Paramedics respond to a 911 call to find an elderly patient who’s having difficulty breathing. Anxious and disoriented, the patient has trouble remembering all the medications he’s taking, and with his shortness of breath, speaking is difficult. Is he suffering from acute emphysema or heart failure? The symptoms look the same, but initiating the wrong treatment regimen will increase the patient’s risk of severe complications.
Researchers from MIT’s Research Laboratory of Electronics, working with physicians from Harvard Medical School and the Einstein Medical Center in Philadelphia, believe that repurposing a piece of medical equipment standard in all ambulances in the United States and Europe could help paramedics make this type of field diagnosis.
In the December issue of IEEE Transactions on Biomedical Engineering, they present a new algorithm that can, with high accuracy, determine whether a patient is suffering from emphysema or heart failure based on readings from a capnograph –a machine that measures the concentration of carbon dioxide in a patient’s exhalations.
“This machine is ubiquitous,” says George Verghese, the Henry Ellis Warren Professor of Electrical and Biomedical Engineering at MIT and one of the paper’s coauthors. “It’s actually in every emergency department and operating room. But the use that they’ve typically made of it is much more limited than what we were attempting here.”

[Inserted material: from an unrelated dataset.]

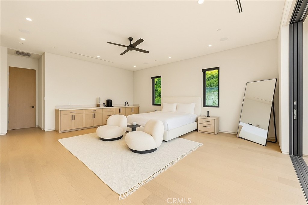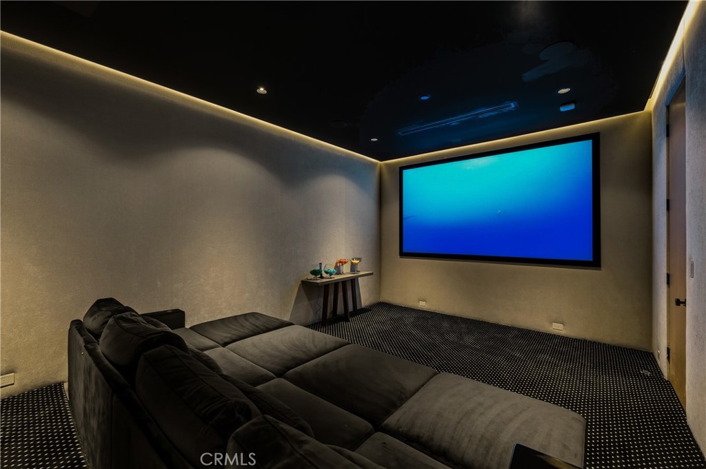 Entertainment reaches new heights with a private movie theater and a stunning outdoor environment. The cabana—with a full outdoor kitchen and BBQ—is ideal for hosting or relaxing. Car enthusiasts will appreciate the 13.6-ft RV garage with hookups, the attached two-car garage, and an additional two-car garage in the backyard. An electric automatic pocket door offers seamless access to the outdoor spaces.

In the United States, capnography was first introduced in the 1980s, as a way to aid medical professionals inserting breathing tubes into the tracheas of sedated patients. If the tube were accidentally inserted into the esophagus — which leads to the stomach, rather than the lungs — the capnograph would measure no carbon dioxide concentrations at all.
In that context, a capnogram is easy to read. If the capnograph displays a regular wave pattern, with crests for exhalations and troughs for inhalations, the tube has been inserted properly. If the capnogram flatlines, it hasn’t been.
Rich signal
But over time, physicians observed that the capnograms of patients with congestive heart failure and emphysema — or chronic obstructive pulmonary disease, as it’s known in the medical literature — were subtly but consistently different both from each other and from those of healthy subjects.

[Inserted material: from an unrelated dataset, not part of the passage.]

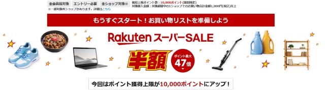 楽天市場のセール「楽天スーパーSALE」が3月4日(水)20:00から3月11日(水)01:59まで開催されます。半額商品や割引商品が目白押しで、多くの商品がお得な価格で購入できます。

One of those physicians, Baruch Krauss, an emergency-medicine specialist at Boston Children’s Hospital and an associate professor at Harvard Medical School, thought that the capnographic signal could be a source of diagnostically useful information, particularly for paramedics. A blood test performed in a hospital lab can accurately distinguish emphysema and heart failure, but it takes about an hour from the time a sample is received — too long for a patient who’s distressed enough to call 911.

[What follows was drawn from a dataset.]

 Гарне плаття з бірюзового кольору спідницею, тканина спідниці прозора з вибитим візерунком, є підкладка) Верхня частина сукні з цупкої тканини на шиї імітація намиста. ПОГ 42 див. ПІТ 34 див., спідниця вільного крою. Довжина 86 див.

Krauss was aware that the Computational Physiology and Clinical Inference Group at RLE specialized in novel diagnostic applications of minimally invasive sensors, so he requested a meeting with the group’s leaders, Verghese and assistant professor of electrical and biomedical engineering Thomas Heldt, who has since joined MIT’s Institute of Medical Engineering and Science. “We didn’t even know the word ‘capnography’ until Baruch set up a meeting with us and came and told us about it,” Verghese says.
Verghese and Heldt recruited Rebecca Mieloszyk, a student in their group who had just begun her master’s degree, to investigate the relationship between patients’ capnograms and their ultimate diagnoses.
Mieloszyk’s first task was to identify features of the capnographic signal that appeared to vary between populations. The crests of the waves in healthy subjects’ capnograms seemed to plateau at a maximum concentration, for instance, while those in sick patients’ didn’t. Other obvious factors to consider were the duration of the exhalations and the intervals between them.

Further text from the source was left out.